Sepia ghosts in luxury hotels | Culture

Sepia ghosts in luxury hotels | Culture
Sepia ghosts in luxury hotels | Culture

On the trips I have made around the world I have stayed in seedy hotels and others steeped in history. In this case, upon entering the room I always wondered what kind of illustrious people or criminal types had slept in that bed, what mysterious ladies with double lives had used the bathroom, how many adulteries, fights, reunions their mirrors had reflected. I think the strongest thing about old British luxury hotels are the ghosts whose shadows remain stuck to the walls. To any exotic and distant luxury lodge you go you will find that the inevitable guests, Winston Churchill and the Duke and Duchess of Windsor, have passed through there. It also seems impossible to reach a hotel in Europe with history that does not wander in the shadow of the poet Rilke, a specialist in making princesses and duchesses of the Austro-Hungarian empire and their respective husbands fall in love.

Rilke was a wandering poet who was always a guest from mansion to mansion, from hotel to hotel in Venice, in Capri, in the Black Forest, in Paris, in Rome, in Stockholm, in Florence, in Saint Petersburg, in Duino. And wherever he went he also left a trail of fake loves. What did you miss at the Victoria Hotel in Ronda? The same as the cheetah in the snows of the summit of Kilimanjaro. I started reading Rilke during the militia camp in Montejaque, whose memory is now lost in time. Some Sunday he would go up to Ronda and read some of his poems along with a lemon slushy with mint on the terrace of the Victoria Hotel. The two concoctions were interchangeable.

I like the sepia photographs that show what these hotels were like in the interwar era.
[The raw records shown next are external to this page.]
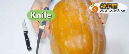 2准备好刀(见图)在南瓜上方切下一个圆,不要太小,当然也不能太大。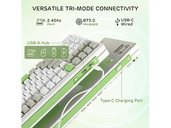 - Seamless Tri-Mode Connectivity — Switch effortlessly between 2.4GHz wireless, Bluetooth 5.0, and USB-C wired connections for ultimate versatility. The RK L98 supports multi-device connectivity and features dazzling south-facing RGB lighting for vibrant shine-through effects.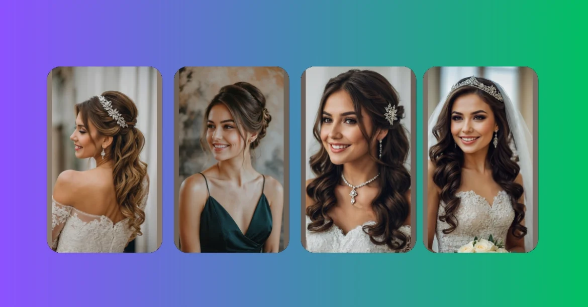 Getting ready for a big day, especially a wedding, isn’t just about putting on a fancy dress – it’s a full-on glow-up mission! This beautiful bride-to-be shows us how it’s done, making “bed head” a distant, blurry memory. Her hair isn’t just styled; it’s a masterpiece of soft waves and a chic updo, cleverly holding that sparkly hairpiece like it was born there. And let’s not forget the makeup! It’s that perfect blend of “I woke up like this” and “actually, it took three hours and a team of experts,” giving her eyes that extra sparkle and her smile that “I’m about to have the best day ever” vibe.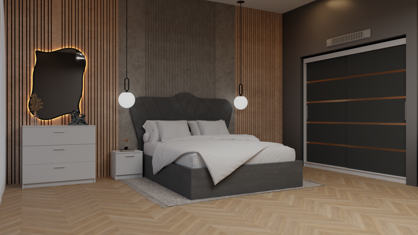 Dormitor Queen cu Pat Tapitat cu dressing 200*200 usi glisante Alb&Gri Antracit, noptiere si comoda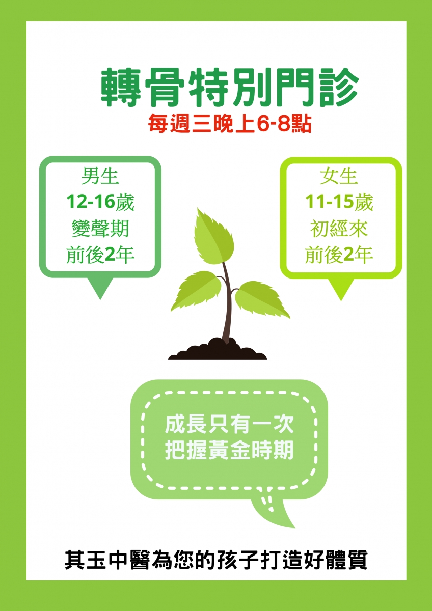 長高、長壯跟充足睡眠、適當飲食、運動、基因 等相關,轉骨調理掌握好時機,效果更佳~
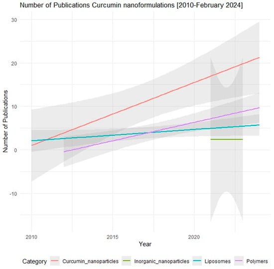 Number of publications related to Curcumin nanoformulation from 2010 to February 2024. The data were obtained from PubMed (https://pubmed.ncbi.nlm.nih.gov/) using the following keywords: Curcumin plus nanoparticle, Inorganic nanoparticles, polymers/polymersomes, lipid−based nanoparticle/liposomes. Accessed on 28 February 2024.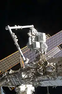 Астронавты подвели робот-манипулятор ко второй экспериментальной платформе (ELC-2), которая будет на следующий день будет установлена на сегменте S3 станции.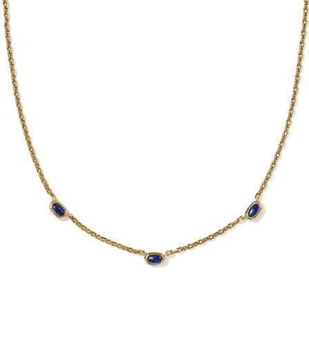 Kendra Scott Mini Elisa Vintage Gold Three Stone Necklace in Blue Lapis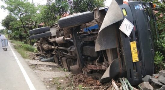 Kecelakaan Tunggal Mobil Tronton Bermuatan Limbah Batubara Terguling

If they were by the sea they appeared with some boats with lateen sails stranded on the sand and the indigenous farmers and fishermen posing next to the gentlemen who wore butter-colored suits, along with their women in wasp swimsuits, shedding smiles. The white armchairs, the ice cream cups art deco, the hammocks, the booths with white and blue striped fabrics, the traditional waiters, so faithful and helpful in the middle of the society parties. At night how many times have I dreamed of my first arrival at the Formentor hotel in Mallorca, when the flurry of literature promulgated by Cela had just passed through there and the waters of the bay reflected the poem by Costa i Llobera that Maria del Mar Bonet would later sing, The foot of Formentor. This hotel even today requires you to arrive at its lobby with a canvas trunk and a bellows briefcase in the company of a woman who adorns herself with a cap in her hair and four strands of necklaces that reach to her hips.
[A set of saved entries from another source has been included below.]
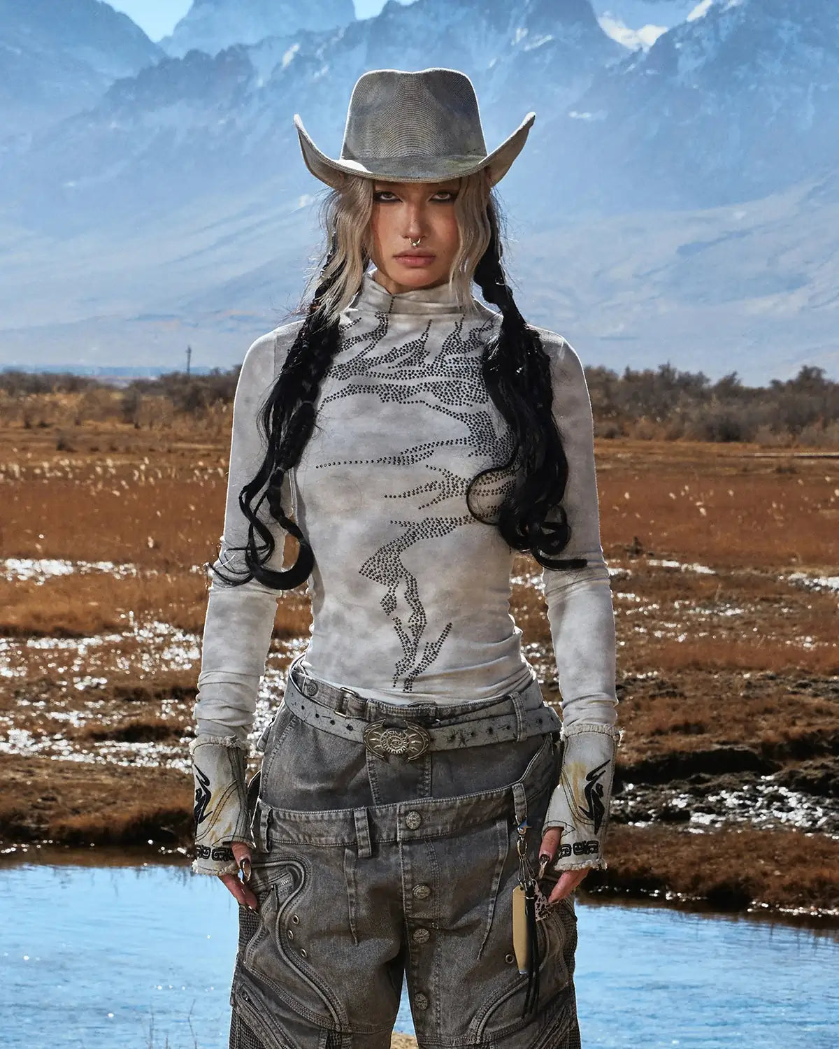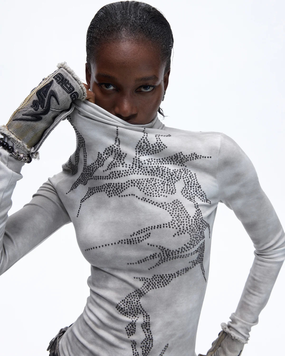 Personsoul Metallic Crystal-Lightning Long Sleeve Tee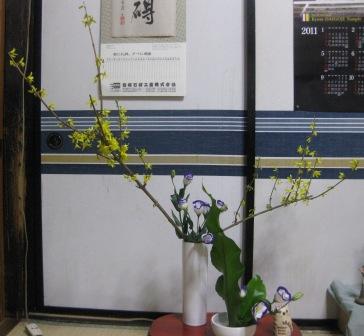 花材は、レンギョウとトルコ桔梗。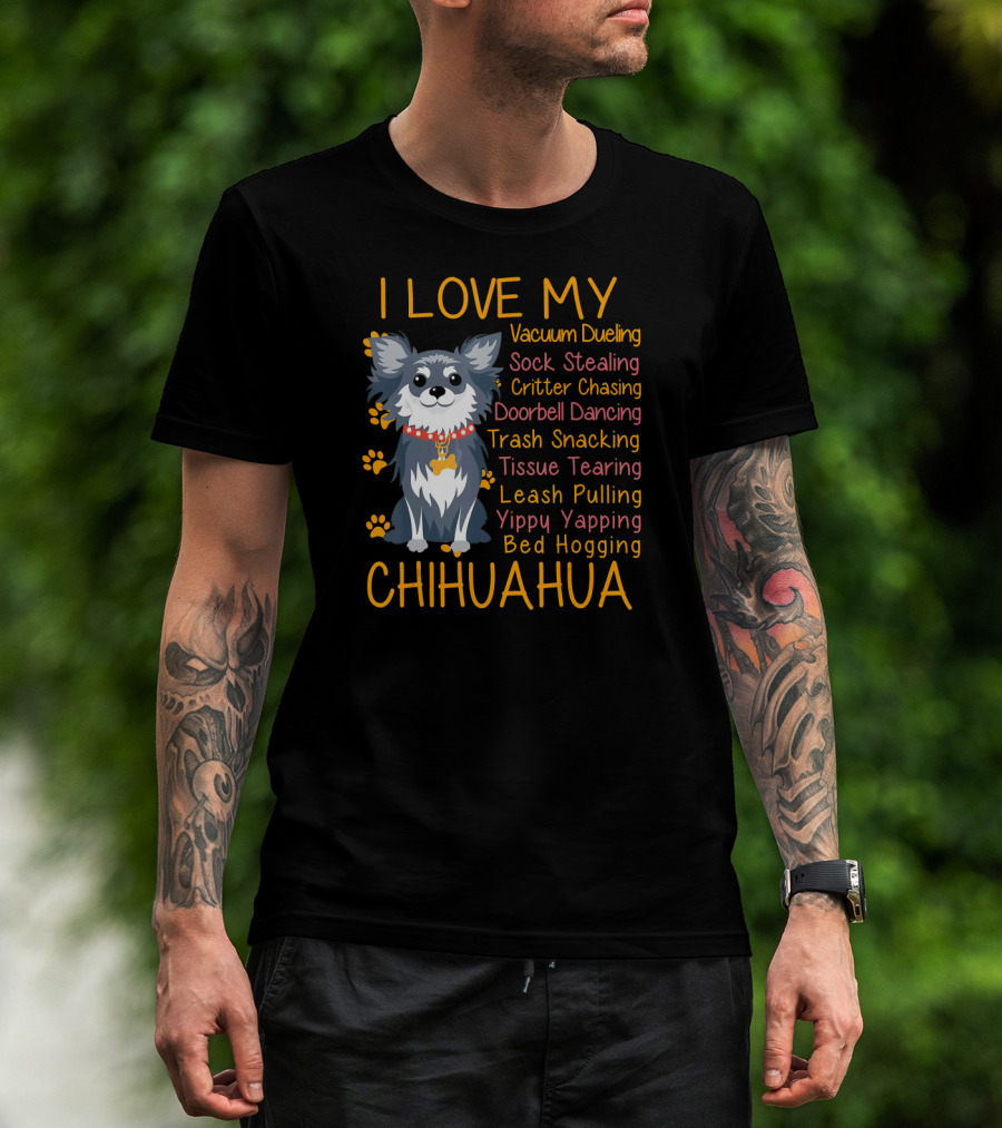 I Love My Vacuum Dueling Sock Stealing Critter Chasing Doorbell Dancing Trash Snacking Tissue Tearing Leash Pulling Yippy Yapping Bed Hogging Chihuahua T-Shirt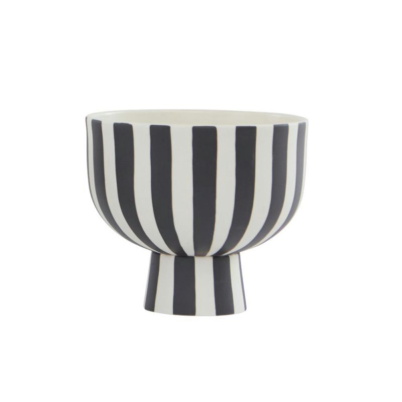 Toppu skål kjennetegnes av et grafisk og stilrent design som tilfører interiøret et dekorativt og moderne uttrykk. Skålen kan brukes som potteskjuler, men er også godkjent for mat og egner seg derfor perfekt til servering av frukt og lignende. Skålen er håndlaget i 100% steintøy, noe som gir hvert produkt et unikt preg.

View of the Formentor hotel, in Mallorca.Alamy Stock Photo

On one occasion, at the Bayona inn, out of deference from the director, I took the suite room main one, where King Juan Carlos, Prince Philip, Charles de Gaulle, several dethroned monarchs and also Generalissimo Franco had slept, who took advantage of it to take a nap while the yacht was anchored. Goshawk in bay waters. The truth is that I did not experience any special macumba transmitted in dreams by the dictator. At the Villa Politi hotel, which stands above the Capuchin latomy in Syracuse, I learned that many years before André Gide had preceded me. What would you go looking for? Perhaps, having an ephebe whip him with a laurel whip and sunbathing his flesh with sirocco, getting lost in the twists and turns of the port or dreaming that the island of Styx, which is part of the city linked by a bridge, was where the nymph Calypso held Ulysses back.

One of the most valued shadows that inhabit hotels with history is that of Al Capone. It is enough for them to tell you at reception that this famous gangster passed by for you to start investigating the bed where he slept, the armchair in which he sat in the lobby, the stool he used at the bar counter. When he traveled from Chicago to New York he used to stay at the Intercontinental. I fell there on September 10 of I don’t know what year to do a report on the anniversary of the attack on the Twin Towers, without realizing that due to the opening of the United Nations, given its proximity, the hotel was full of gyrfalcons from all over the world. countries highly sought after by terrorists. The block remained cordoned off. They gave me one suite room at the end of a hallway whose rooms were all occupied by FBI elements with their respective wolf dogs. I was the only innocent being in the entire plant. At night I heard the dogs howling that had previously sniffed even the most secret parts of my body. Sleeping in the same bed as Al Capone surrounded by fifty FBI dogs is one of the peaks I have climbed in my life.